Expect the 9th Circuit to address this theory of standing at Tuesday’s oral arguments. In its legal briefs, the DOJ calls the states’ harms “speculative” and “hypothetical” ― an argument that, if accepted, might lead to the dismissal of the case.
Who else has weighed in on the case?
For a case at such an early stage in the process, briefs and filings from all corners have poured in before the 9th Circuit ― most of them supporting the states of Washington and Minnesota.
Perhaps the most significant of them was a declaration attached to a brief from the states that was signed by former national security and intelligence officials who have served under both Democratic and Republican administrations. Their document matters because many of them were intimately familiar with the threats the country faced from terrorist sources. The 9th Circuit could find persuasive their contention that Trump didn’t sign the executive order to protect national security, and thus there’s no urgency in lifting the hold on the travel ban right now.

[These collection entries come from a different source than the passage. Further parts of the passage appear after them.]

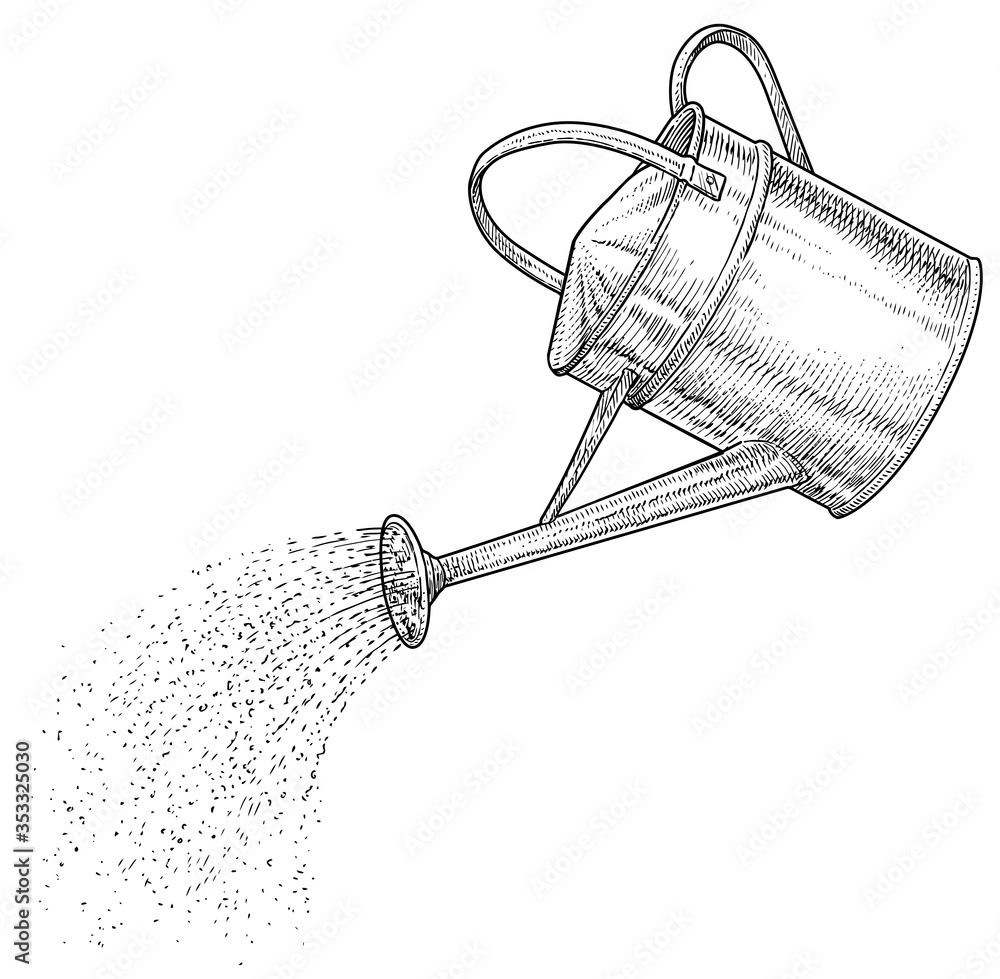 Quadro su tela Watering can illustration, drawing, engraving, ink, line art, vector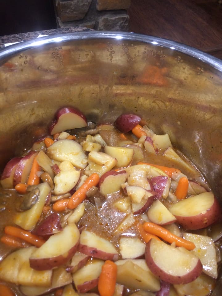 The pictures represent the amount of food I cooked tonight for the three family members in my home. Keep in mind that is not including my oldest son and my grandson or daughter-in law. Five pounds of Chuck Roast, five pounds of potatoes, a bag of baby carrots, and mushrooms. Remember that. Three. Myself, my husband, and the empty vessel. Oops, I mean my 15-year-old son. Now before you judge, my 15-year-old just turned 15 a few months ago, but he is 6’3” and weighs about 250. That dinner was completely gone in no time. Where did it go??? He has to be an empty vessel. That’s the only way to explain that amount of food being eaten in one setting. I can assure you this is an everynight occurrence. I never cook less than two pounds of ground beef, a family size bag of chicken, or multiple frozen pizzas (Did I mention he’s an athlete and we are not always home, frozen pizza to the rescue!). I am totally trained to cook in Banquet mode. I feel I thaw half a beef at a time. I read a recipe and my mind is on automatic double that recipe. Hey, I should do a cookbook for teen boy moms whose minds don’t go into auto double mode or to document the crazy meals I have made from what is in the cabinet.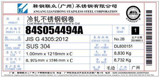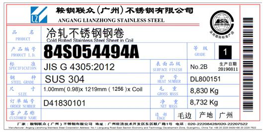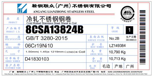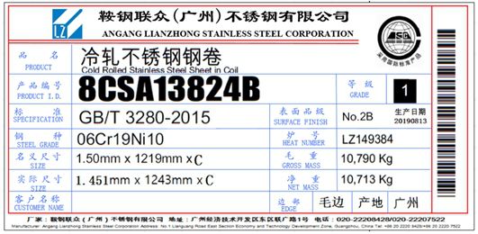 一、同意鞍钢联众(广州)不锈钢有限公司变更不锈钢冷轧卷板产品标牌。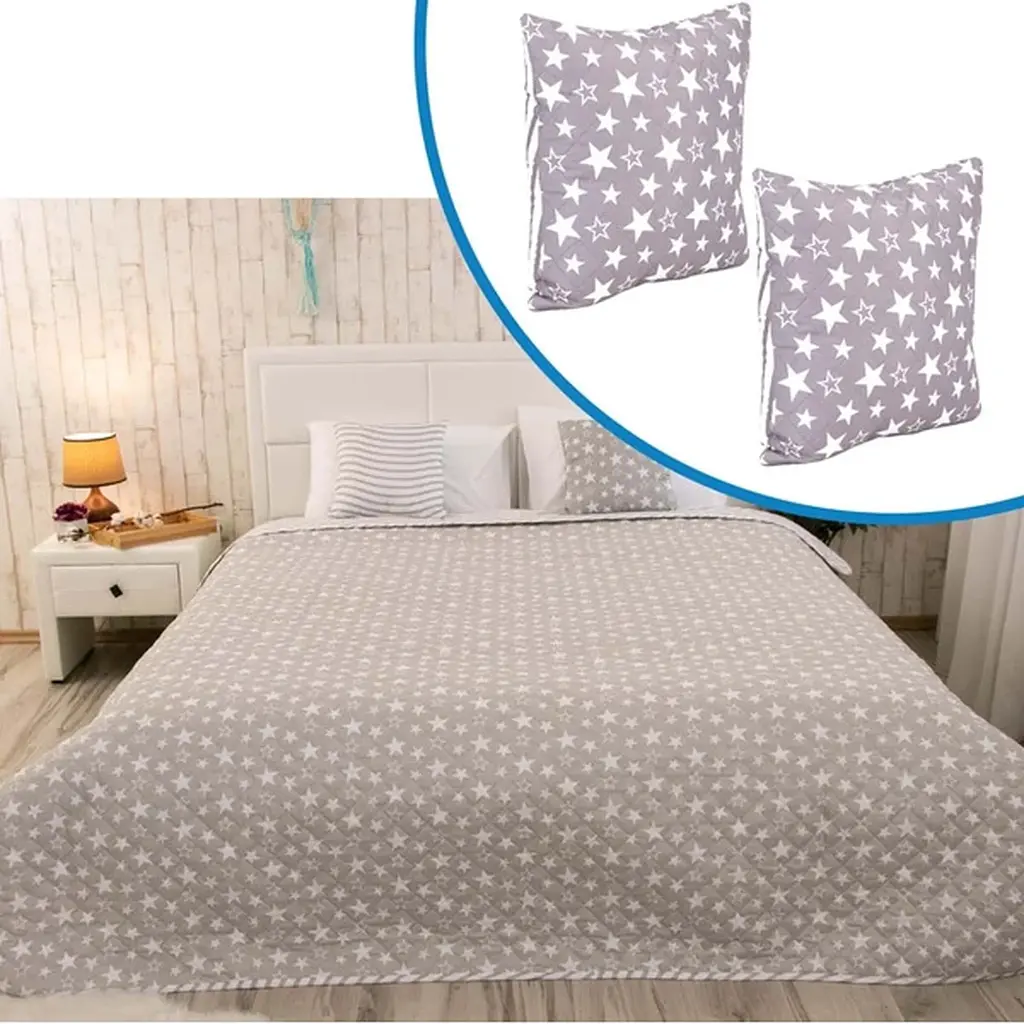 Набор от ТМ Руно: покрывало 212×240 см + 2 декоративные подушки 40×40 см – это стильное и практичное решение для оформления спальни или гостиной. Комплект придает интерьеру уют, гармонию и завершенный вид.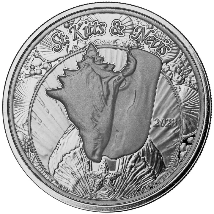 Saint-Kitts-et-Nevis : Coquillage 1 once d'argent 2023 Prooflike (monnaie dans une capsule)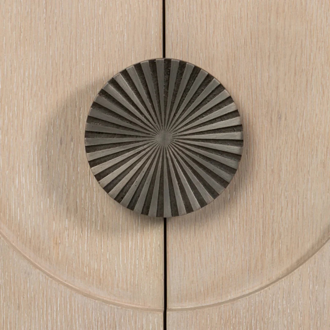 Ce buffet remarquable allie une élégance intemporelle à une sensibilité moderne grâce à sa chaleureuse structure en placage de chêne et à ses portes sculptées originales. Les ferrures en bronze s'inspirent des lignes fluides des cloches de carillon, ajoutant une touche artistique inattendue qui élève ce meuble au-delà de sa simple fonction. Son design soigné harmonise sophistication et charme accessible, en faisant une pièce maîtresse idéale pour les salons, les salles à manger ou les bureaux à domicile en quête de style et de fonctionnalité.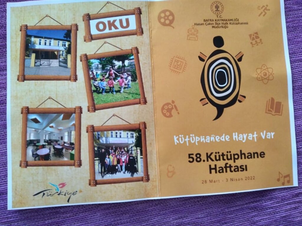 Bafra Hasan Çakın İlçe Halk Kütüphanesi, 58. Kütüphane Haftası Kutlama Programı belli oldu. Bafra Kaymakamı Cevdet Ertürkmen imzalı Kutlama Progam şöyle: Açılış ve saygı duruşu ve İstiklal Marşı Günün anlam ve önemiyle ilgili konuşmalar Masallar Küstü adlı tiyatro gösterisi Kitaplar Konuşuyor adlı skeç Hikaye Yarışması Ödül Töreni En çok kitap alıp okuyan ve kullananlara Ödül Töreni. Programı 30 Mart Çarşamba günü saat 11.00 da gerçekleştirilecek. Haber: Oktay ZERRİN- Bafra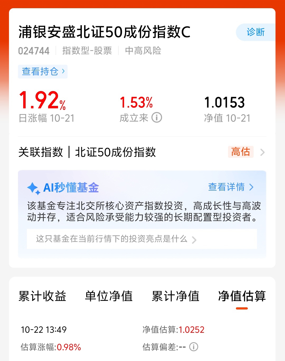北证跑出独立性行情!创业板、科创指数盘中还在调整,北证风景独好。$浦银安盛北证50成份指数A$$浦银安盛北证50成份指数C$ 跟踪紧密,成立以来跑赢指数,费率低不限额,7天免赎回费。
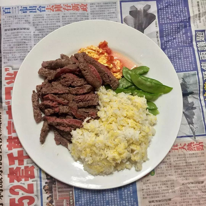 午餐是训练后我的第一顿正餐,我不会一开始就过多地吃下很多的蔬菜,我会选择较容易吸收的米饭和鸡肉,偶尔会选择牛肉,一般而言鸡肉居多。一是性价比高,二是口感熟软。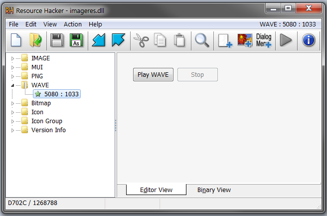 - Mit der rechten Maustaste auf 5080 : 1133 klicken und Replace Resource ... klicken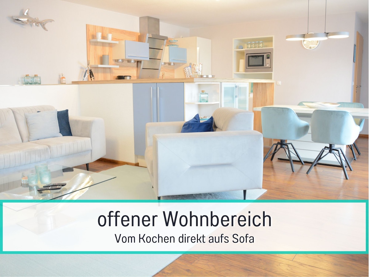 Perfekt für Pärchen oder kleine Familien im Ostseeurlaub! Diese Ferienwohnung bietet mit einem Schlafzimmer und einer gemütlichen Schlafcouch Platz für bis zu 3 Personen (inkl. Baby /Kind). Der große Wohn- und Kochbereich lässt keine Wünsche offen: voll ausgestattete Küche mit Backofen, Cerankochfeld, Geschirrspüler und Kühl-Gefrierkombination; großer Esstisch; moderner TV; Kamin und großer Terrasse. Im großen Bad können Sie sich mit einer Badewanne, Dusche und Sauna verwöhnen.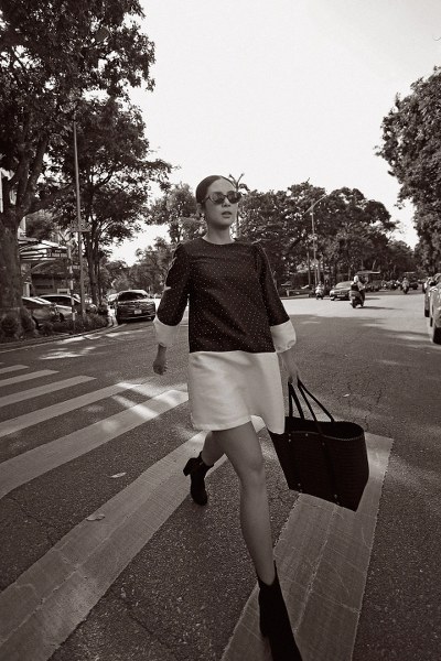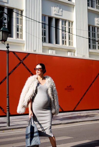 Mới đây, trên trang cá nhân, Hoa hậu Ngọc Hân đăng tải loạt ảnh dạo chơi trên phố Hà Nội, khoe "bụng bầu vượt mặt" trong trang phục váy ôm màu xám, khoác áo choàng lông màu kem, kết hợp kính râm, túi xách Dior và boots cao gót cá tính.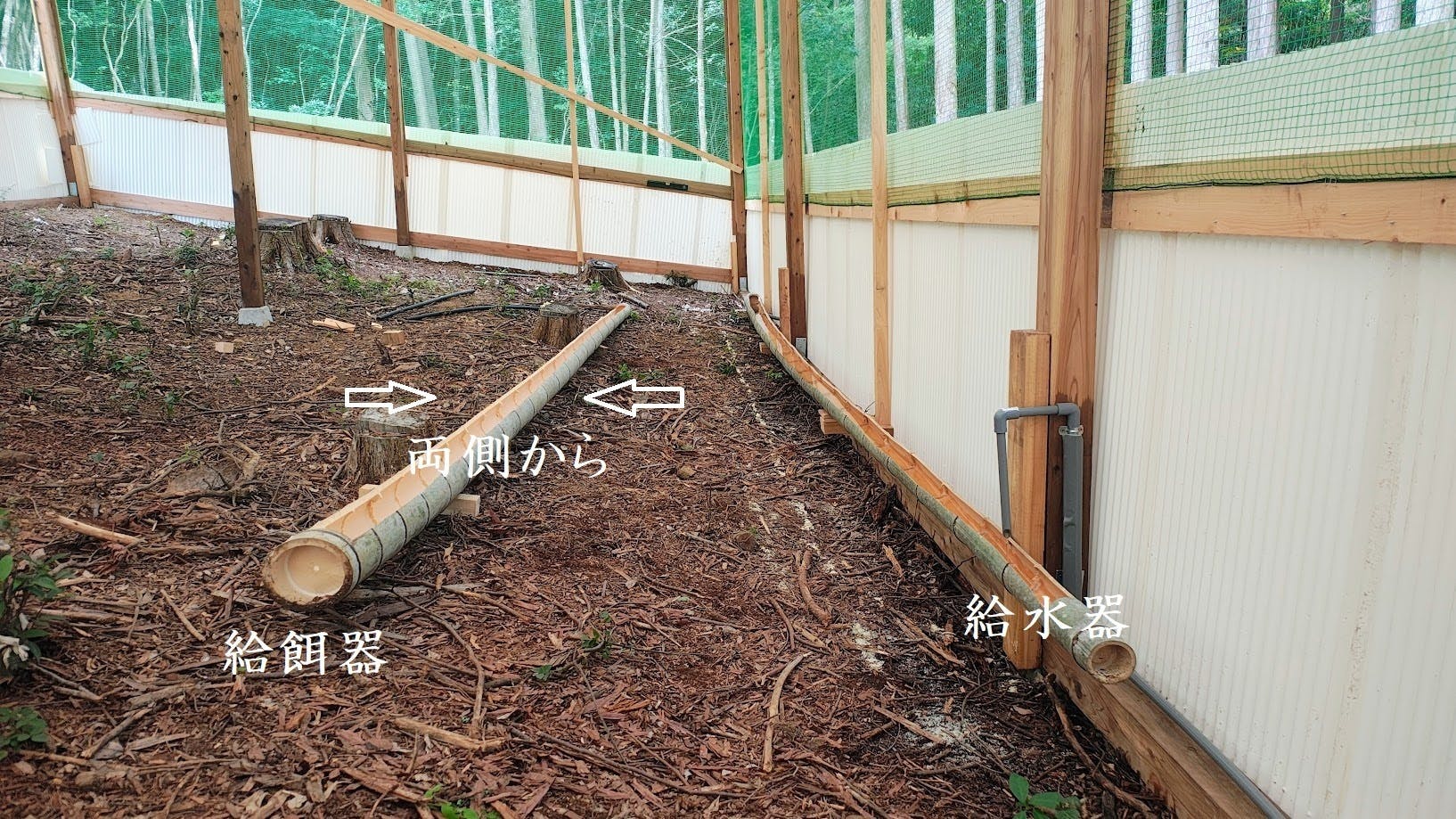 鶏舎に2箇所据えて給餌器づくり完了しました~!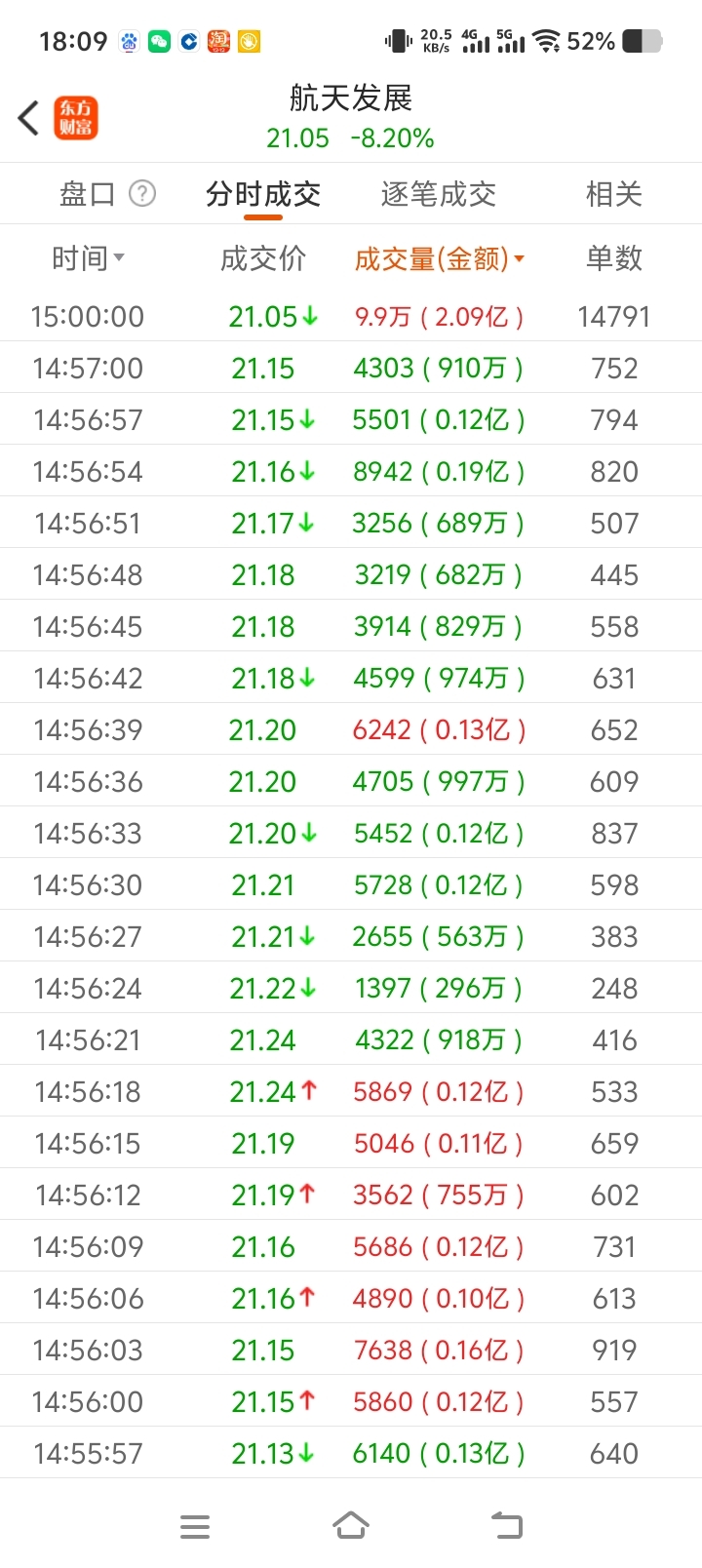 $航天发展(SZ000547)$ 这是尾盘大单抢筹

Others who have weighed in on the controversy include tech companies; a coalition of states led by New York, Pennsylvania and Massachusetts; the American Civil Liberties Union; immigrants’ rights advocates, legal scholars, labor groups and other organizations with an interest in seeing Trump’s travel ban rescinded altogether.
Also noteworthy: HIAS, one of the world’s oldest refugee relief organizations, also filed a brief opposing the executive order. HIAS once helped a judge who now sits on the 9th Circuit resettle in the U.S. with his family after they fled communist Romania.
What judges have been assigned to the case?
The three federal judges preparing to hear the oral arguments represent a cross-section of the political spectrum.
They are U.S. Circuit Judge William Canby, an appointee of President Jimmy Carter based in Phoenix; U.S. Circuit Judge Richard Clifton, an appointee of President George W. Bush who is based in Hawaii; and U.S. Circuit Judge Michelle Friedland, an appointee of President Barack Obama who sits in San Jose, California.
Can the case to the Supreme Court? And would Trump’s nominee, Neil Gorsuch, get a chance to vote on it?
Sooner or later, the ultimate legality of Trump’s executive order on Muslim travel is sure to land before the Supreme Court ― with a full briefing schedule and a dramatic showdown in Washington. Every president wants to see his policies succeed, and Trump has already indicated that he might take the case to the nation’s highest court if needed.
“I mean, we’ll see. Hopefully it doesn’t have to,” the president said Tuesday, according to Politico. “It’s common sense. You know some things are law, and I’m all in favor of that. And some things are common sense. This is common sense.”
At this early stage ― in which lower courts haven’t yet reached the merits of Trump’s executive order ― it’s unlikely that the justices will choose to get involved. If there’s an appeal, they may issue a one-line order either reversing or refusing to disturb whatever the 9th Circuit decides after Tuesday’s hearing.
But it’s far more probable they’ll just wait it out until the lower courts develop a bigger record, when there will be more substantive arguments and rulings to review. That could come several months down the line ― which means Neil Gorsuch, the judge Trump nominated to the Supreme Court, may get a chance to weigh in on the case. Just not now.